A fact that boils down to poorly-conceived ergonomics and tactical doctrine.
To be fair, if you had the choice between all the weapons in this class there at the end of WWI, I’m afraid you’d have to place the BAR only slightly above the Chauchat, in terms of “does this thing work, tactically?” The sad reality is that the BAR was really more of an uber-rifle, an individual weapon, than a true support weapon. You can’t do sustained fire with it, you can’t serve it with a crew, and the ergonomics just don’t work for something that’s supposed to be a support weapon.
The modern-day version of the BAR is more what it should have been in the first place.
https://oowinc.com/product/hcar/
Fundamentally, a long-range rifle suitable for the spotter in a two-man sniper team.
Yes, they also make a semi-auto, closed-bolt-firing version of the Model 1918 for nostalgia buffs. One like it, in selective-fire and firing from a closed bolt, might have changed our entire concept of military sniping between the wars.
There is a fundamental difference between a “machine rifle” and a “light machine gun”, and very few people ever seem to have understood it.
Which may be why we ended up with several examples of the former in the 1920s and 1930s that were fundamentally screwed up in trying to turn them into the latter. As in M1918A1/A2 BAR, Kiraly KE7, etc.
Some people persisted in the confusion right into the 1940s. See Johnson M1941 LMG so-called, and FG42.

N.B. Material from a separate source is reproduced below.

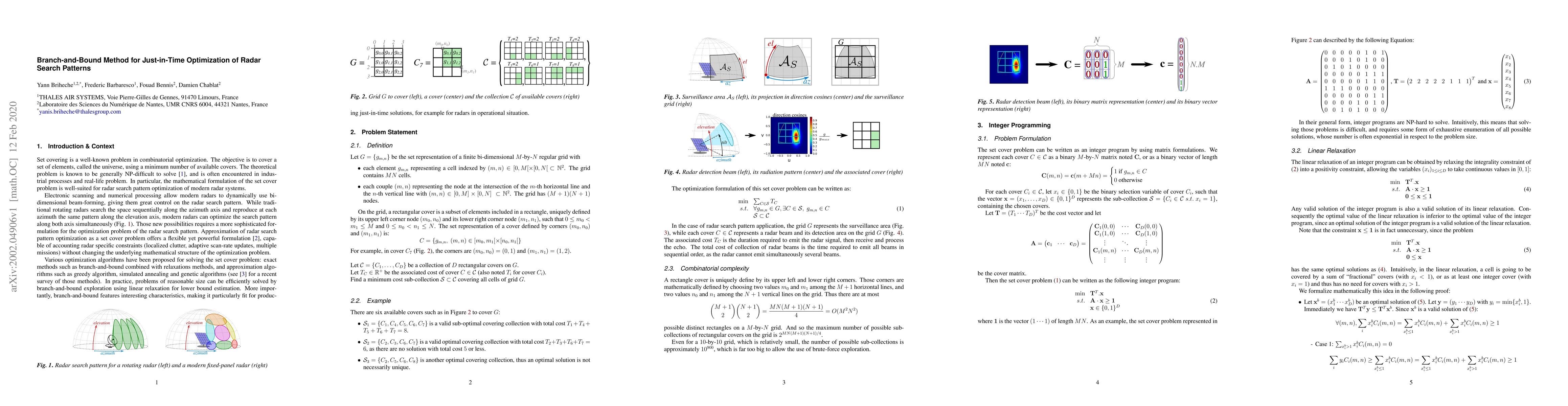 Electronic phased-array radars offer new possibilities for radar search pattern optimization by using bi-dimensional beam-forming and beam-steering. Radar search pattern optimization can be approximated as a set cover problem and solved using integer programming, while accounting for localized clutter and terrain masks in detection constraints. We present a set cover problem approximation for time-budget minimization of radar search patterns, under constraints of range, detection probability and direction-specific scan update rates. Branch\&Bound is a classical optimization procedure for solving combinatorial problems. It is known mainly as an exact algorithm, but features interesting characteristics, making it particularly fit for solving optimization problems in real-time applications and producing just-in-time solutions.

Today, in many ways we are still afflicted with this confusion. There is really no good reason for the STANAG magazine slot on the M249. Other than being something needing its springloaded cover spotwelded shut to keep the “environment” out of the feed system, as well as preventing it from flopping over and jamming in-between the mag well and the belt-feed entry, and tying up both, when the spring fails.
(You do not want to get a friend of mine who was stationed at Ft.Lewis when they were introduced started on that subject. Or indeed the subject of the “two-forty-nine”, period.)

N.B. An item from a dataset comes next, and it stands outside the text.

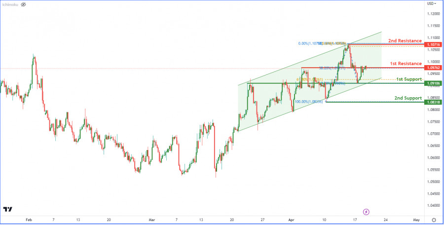 EUR/USD: ожидается дальнейшее развитие восходящей тенденции. Прогноз на 19 апреля 2023 г.ИнстаФорекс - Instaforex, 2 года назад На 4-часовом графике пара EUR/USD в настоящее время торгуется с повышением в рамках восходящего канала, что указывает на возможное продолжение бычьего тренда. В случае сохранения бычьего импульса цена может пробиться выше 1-го уровня сопротивления и направиться ко 2-му уровню сопротивления. Также стоит обратить внимание на наличие двух сильных уровней поддержки. Первый уровень поддержки расположен на отметке 1.0910 и соответствует уровню коррекции Фибоначчи 61.80%. Второй уровень поддержки находится на отметке 1.0831 и представляет собой уровень свинг-лоу. Первый уровень сопротивления на отметке 1.0976 является ключевым уровнем для наблюдения, так как совпадает с уровнем коррекции Фибоначчи 38.20%. Второй уровень сопротивления на отметке 1.1071 представляет собой значительный уровень свинг-хай, который многократно тестировался в прошлом, и, соответственно, является сильной зоной сопротивления для цены. Материал предоставлен компанией InstaForex - www.instaforex.com |

The MG42 and its postwar iterations were probably the apotheosis of what a “Light Machine Gun” and/or “General Purpose Machine Gun” should be.
Where designers have strayed from that concept since then, they have ended up going up blind alleys. The M240 comes so close to getting it right; except that it just weighs too much.

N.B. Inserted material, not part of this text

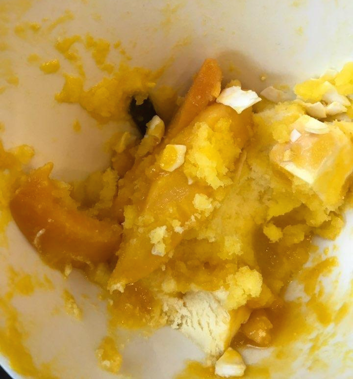할리스 망고 치즈케익 빙수에는 코코넛 플레이크도 뿌려져 서빙되는데요, 중간중간 씹히는 재미가 있었어요. 상큼한 망고와도 은근 잘 어울리고요. 그런데 저는 코코넛 보다도 치즈케이크 조각이 입맛에 더 맞아서 치즈 케이크 조각만 찾아 먹었답니다.(친구야..미안;;) 망고보다도 치즈케이크 조각이 더 많이 들어있었다면 좋았을 걸 하는 아쉬움이 남기도 했고요.

The M60 could have been great, except that it ended up as the spawn of an unnatural mating between an FG42, a Lewis gun, and a clumsier version of a Bren’s barrel-change. All of which equal “No, don’t ever do that again”.
As for the 7.62x51mm round, it’s about right for a true GPMG. Although 7.9x57mm was, and probably always will be, better.
Along with 7.62x63mm aka .30-06, none of the three should ever have been in an infantryman’s rifle.
clear ether
eon
“(…)7.62x63mm(…)should ever have been in an infantryman’s rifle. (…)”
Moses was working at fire-arm firing .30-18 cartridge https://www.historicalfirearms.info/post/181854733014/historicalfirearms-the-30-18-browning which was less powerful than mentioned, yet would be provide greater reach than .45 Auto, during Great War or shortly thereafter. It is delayed-blow-back (sloped axis), akin to later MAS-38. Externally it would resemble M1903 rifle, though I am not sure if it was planned to issue such weapon to every soldier in unit.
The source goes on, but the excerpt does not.